**PROBLEM:** Without the pictures, output all of the data exactly.

**INPUT DATA:**
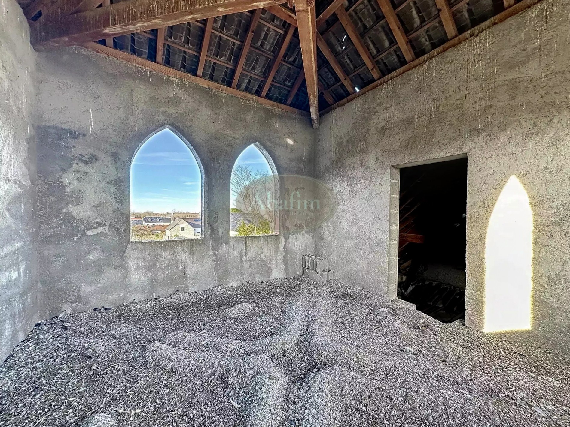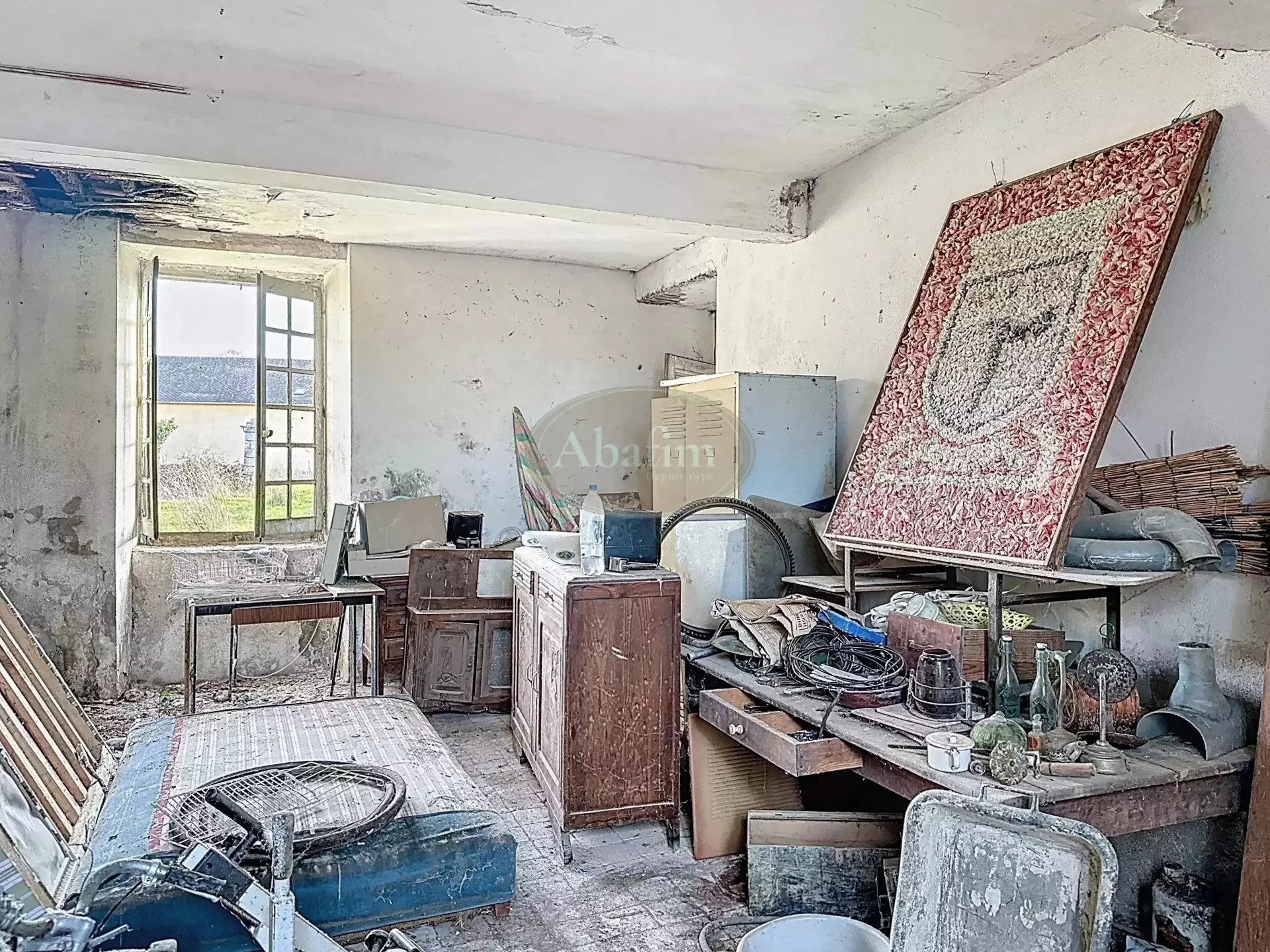 Strecha na západnom konci potrebuje opravu. Okna a dvere chýbajú alebo je potrebné ich vymeniť. Elektrina a pitná voda sú pripojené; odpadové vody je potrebné napojiť na kanalizáciu.
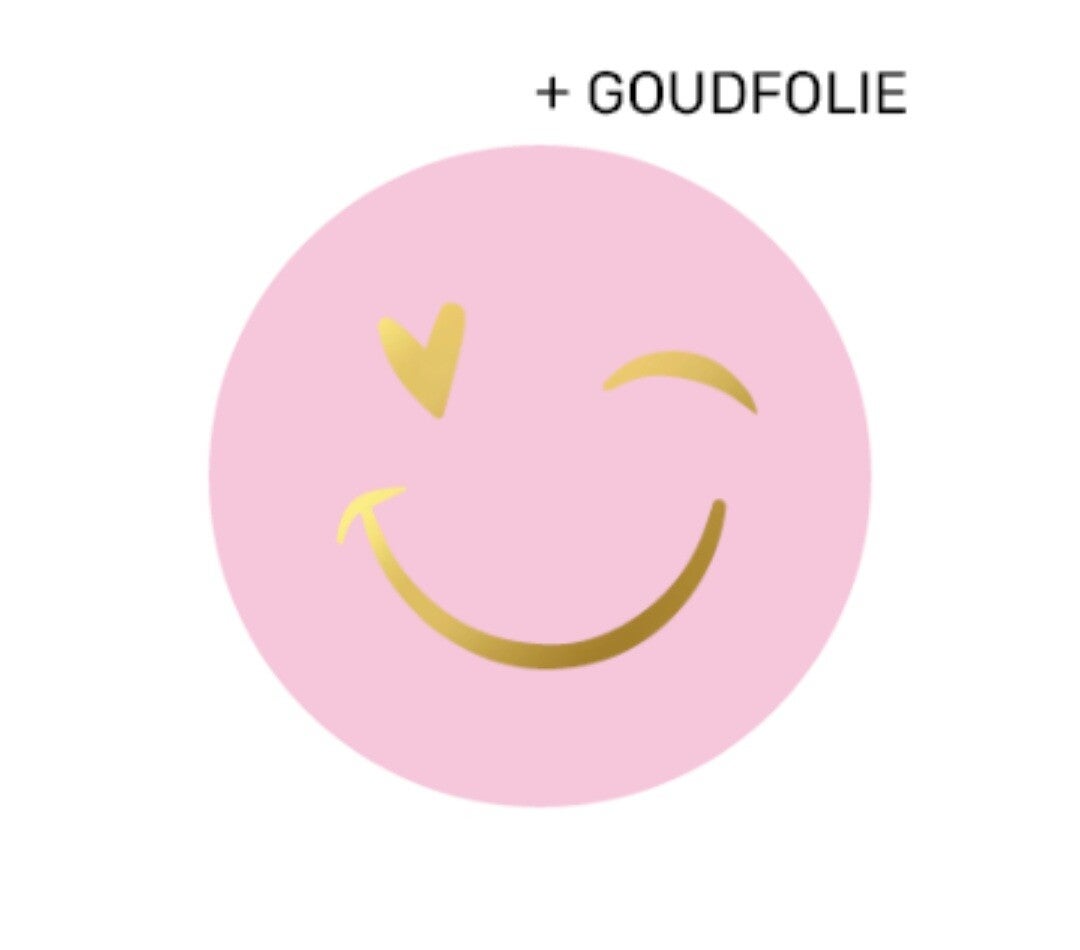 Mooie grote sticker in een licht roze kleur en een opdruk in goudfolie voor een prachtig effect.
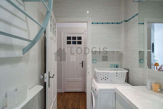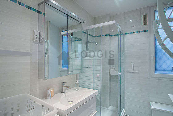 Cet appartement est équipé d'une salle de bain agréable avec des fenêtres. Cette salle d'eau bénéficie du nécessaire pour votre bien-être au quotidien : serviettes de bain, etagère, placard, douche séparée, sèche cheveux. Les toilettes sont séparées de la salle de bain et situées dans une pièce indépendante.

**REPLY:**
 Strecha na západnom konci potrebuje opravu. Okna a dvere chýbajú alebo je potrebné ich vymeniť. Elektrina a pitná voda sú pripojené; odpadové vody je potrebné napojiť na kanalizáciu.
 Mooie grote sticker in een licht roze kleur en een opdruk in goudfolie voor een prachtig effect.
 Cet appartement est équipé d'une salle de bain agréable avec des fenêtres. Cette salle d'eau bénéficie du nécessaire pour votre bien-être au quotidien : serviettes de bain, etagère, placard, douche séparée, sèche cheveux. Les toilettes sont séparées de la salle de bain et situées dans une pièce indépendante.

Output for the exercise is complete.